PM agrees to attend Carmel Fire C'tee meeting

State Control C'tee Chairman Yoel Hasson assures Netanyahu that hearing will be respectful after prime minister feared a political ambush.

Prime Minister Binyamin Netanyahu and State Control Committee Chairman Yoel Hasson (Kadima) reached an agreement Sunday night that the prime minister will participate in a Knesset committee hearing on the State Comptroller’s conclusions on fire preparedness and the Carmel Fire.
Hasson assured the prime minister, during a conversation between the two,  that the hearing will be held in a respectful manner and there will be no interferences from those invited.
RELATED:Carmel fire bereaved families disrupt PM’s speechPM: 'We will erect a memorial' for victims of Carmel fire
One day before he was supposed to attend a Knesset committee hearing on the State Comptroller’s conclusions on fire preparedness and the Carmel Fire, Netanyahu displayed cold feet fearing that the meeting could turn out to be a political ambush.
Netanyahu’s office expressed concern that Hasson had encouraged bereaved families to attend the meeting in order to set up a situation in which the premier would be confronted by emotional family members, similar to the events at a memorial service for the 44 people killed in the December fire.

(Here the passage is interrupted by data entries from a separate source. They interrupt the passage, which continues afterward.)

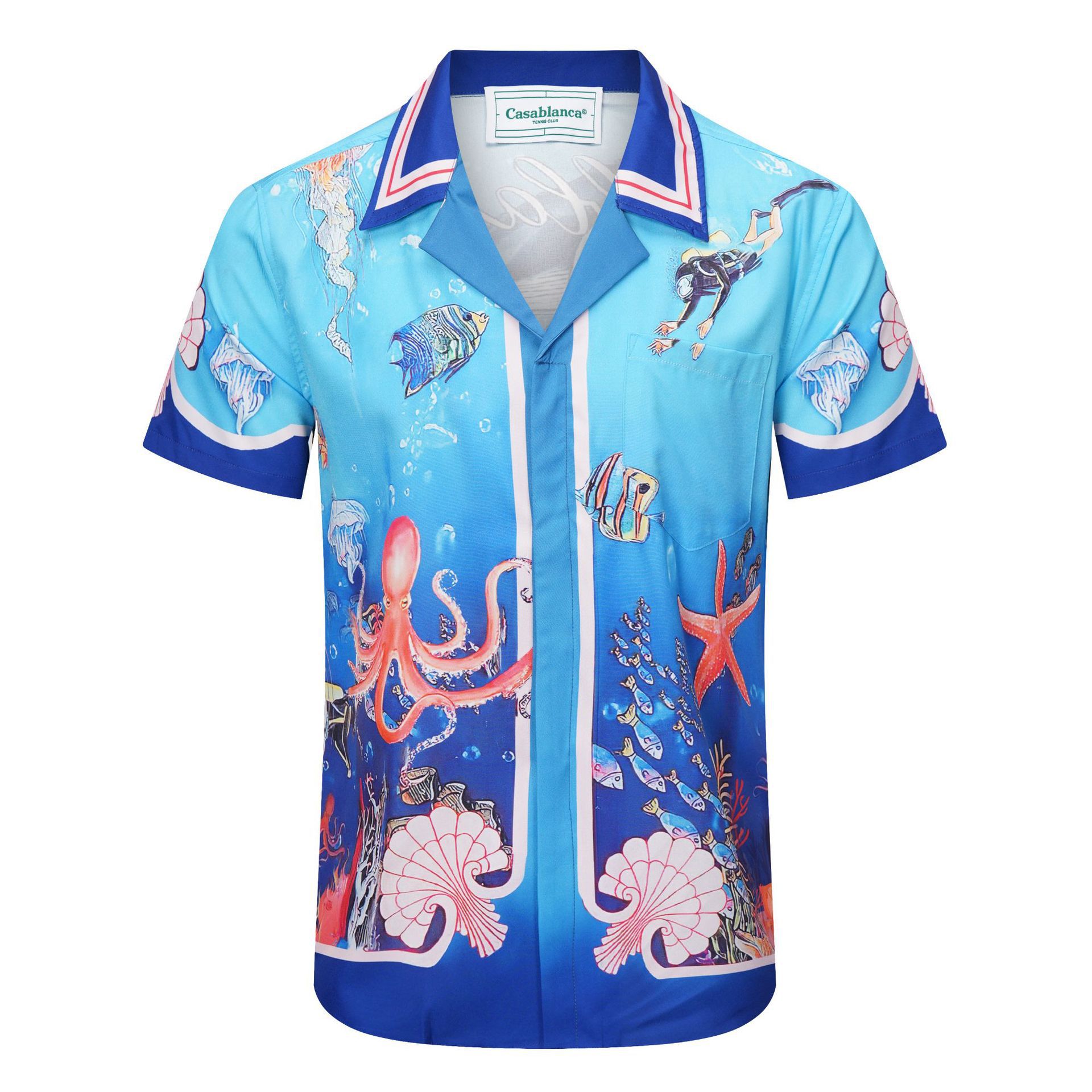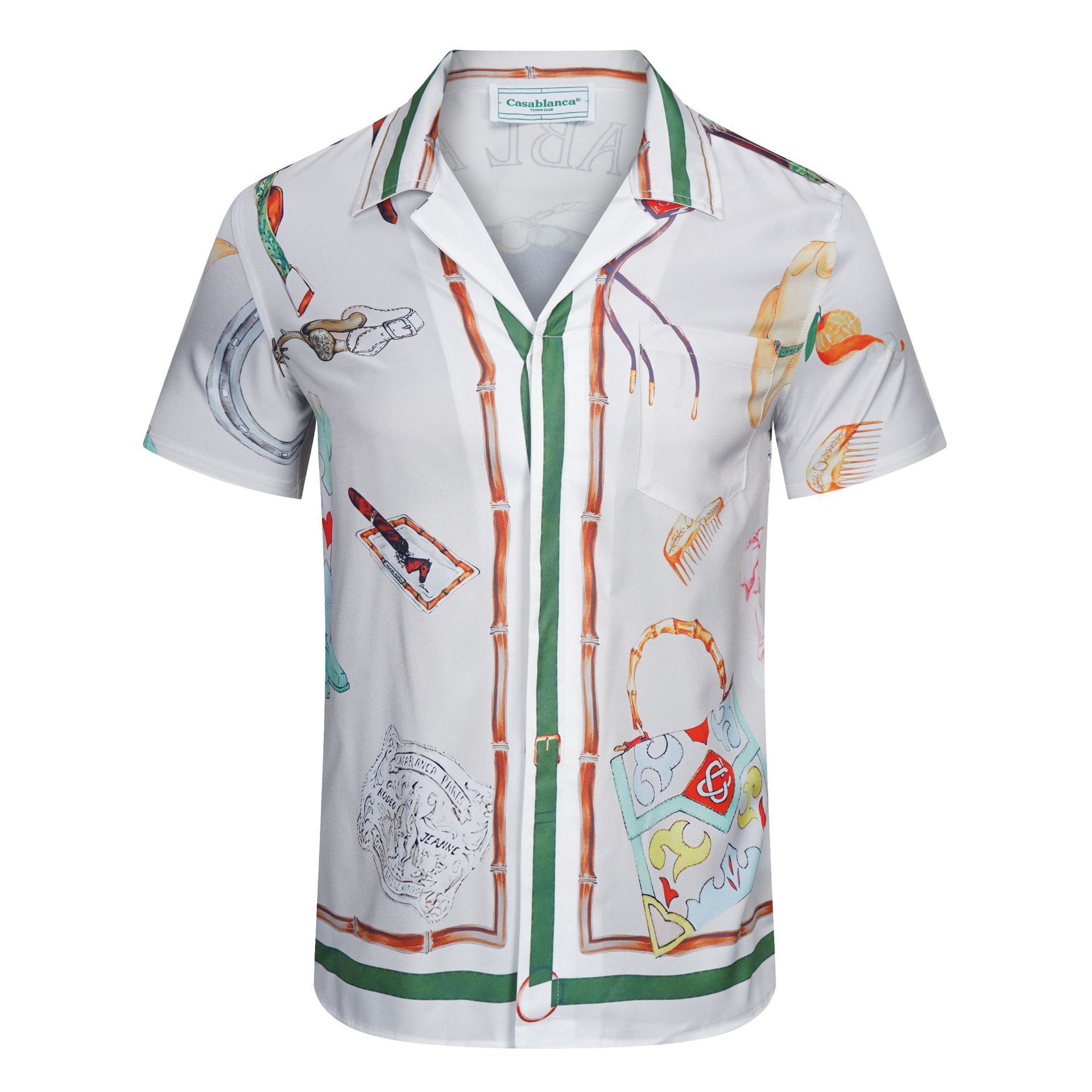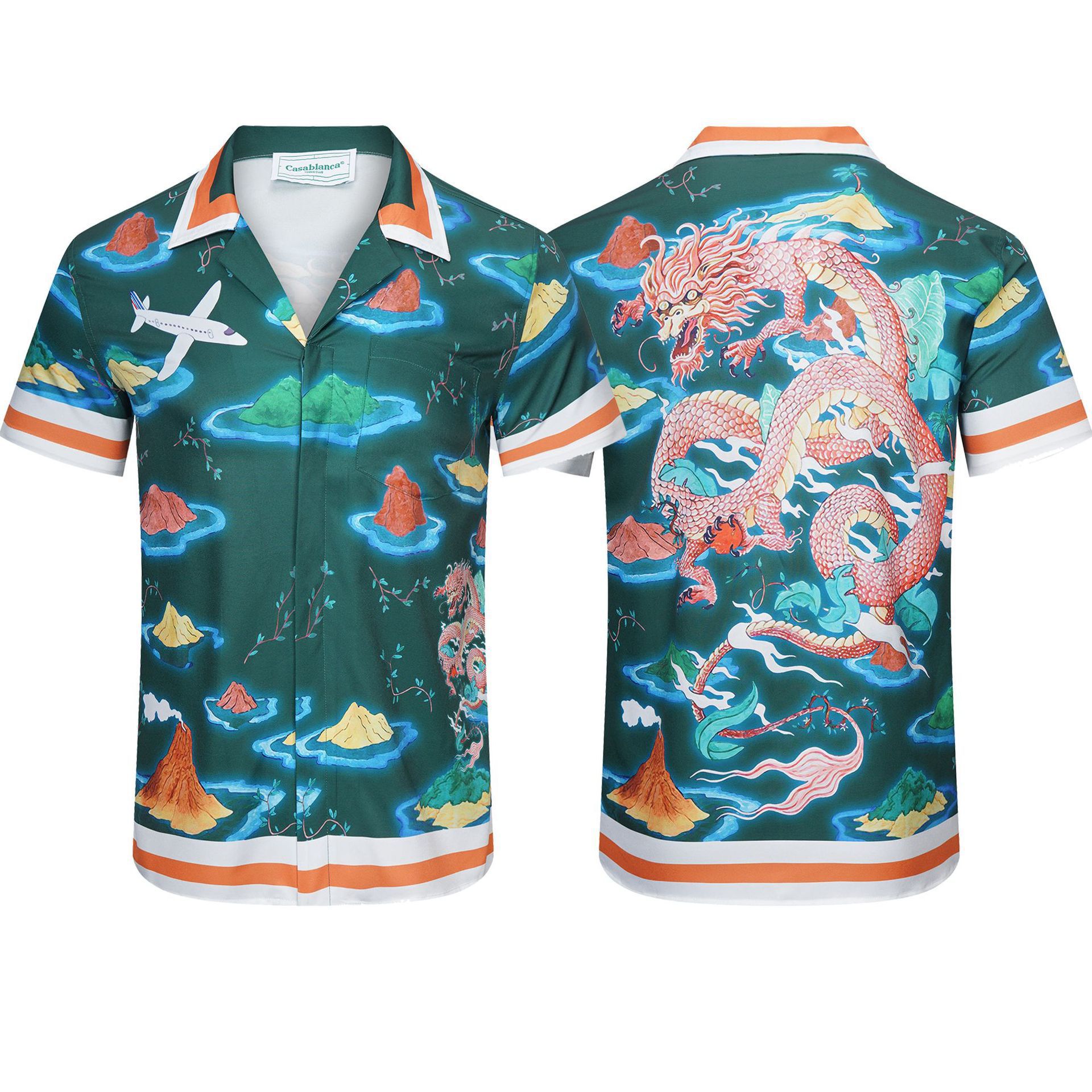 새로운 여름 CASA 인기있는 카사 블랑카 디지털 제트 인쇄 남성용 멋진 캐주얼 셔츠 통기성스토어 가기
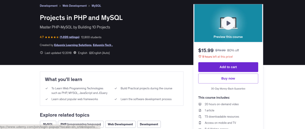 A project-based course where you’ll build 10 different PHP-MySQL applications, gaining hands-on experience.
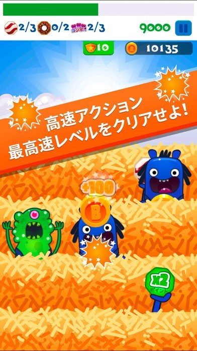 「もぐらたたき風タップゲーム「ミービッツ」」は、誰しも一度はプレイしたことがあるもぐらたたきの要素が入っているアプリです。キャラクターであるミービッツ君から、コイン・お菓子を取り上げていきます。操作はタップするだけなので、お子様でも楽しめます。コインを集めると強化アイテムを取得できたり、難易度が高くなるステージへ挑戦できるのでどんどん貯めていく必要があります。画面上部にスコアは表示されるので、友人同士でスコアを競い合って楽しむのもいいです。
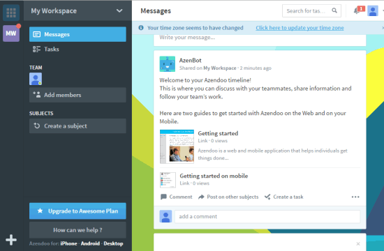 Azendoo (free subscription plan) is an online task management website that provides 10 GB shared storage space. So you and your team members can add tasks, attach files, assigns tasks to each other, create to-do lists, and send messages without worrying about the storage space. With this free plan, you can invite unlimited members to join your workspace and collaborate together.
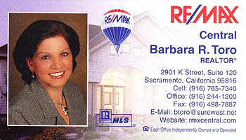 Barbara R. Toro RealtorŪ 2901 K Street, Suite 120 Sacramento, CA 95816 Cell (916) 765-7340 Office (916) 244-1200 Fax (916) 498-7887 Email: btoro@surewest.net Website: rmxcentral.com Each Office Independently Owned and Operated |

The Prime Minister’s Office requested the intercession of Knesset Speaker Reuven Rivlin on Sunday afternoon, telling Rivlin that they were concerned that Hasson was encouraging families to attend the televised meeting to create a provocation.
Rivlin, in turn, proposed a compromise by which only representatives of the 44 bereaved families would attend the Monday morning meeting.
Hasson, however, rejected the very idea of the compromise.
“Nobody is negotiating with me regarding bereaved families’ attendance, and I have no intent to do so over the type or number of bereaved families that the prime minister is willing to have attend the hearing,” retorted Hasson. “I certainly do not intend to undermine the basic principle of open hearings in the Knesset that can be seen by all, and that permit the participation of all relevant parties.”
“It is arrogant to argue that the bereaved families are not relevant to the hearing, and one must question why the Prime Minister’s Office is investing such effort in an attempt to determine the agenda of the hearing that he knew about weeks in advance,” Hasson continued.
“The hearing will be held in a relevant and respectable manner, as is appropriate, and with the participation of all those who were invited,” Hasson concluded.
With the possibility for a compromise on the attendees dwindling, Rivlin also said that if he were asked to do so, he would be willing to attend the hearing as a calming factor to ensure that all parties are heard.
 
In January, a memorial service for fire victims at Kibbutz Beit Oren was interrupted when victims’ families shouted down Netanyahu and forced Interior Minister Eli Yishai to leave the auditorium. Even after the prime minister completed his speech, some families continued to heckle him, with one woman yelling “you killed my husband! You have no shame!”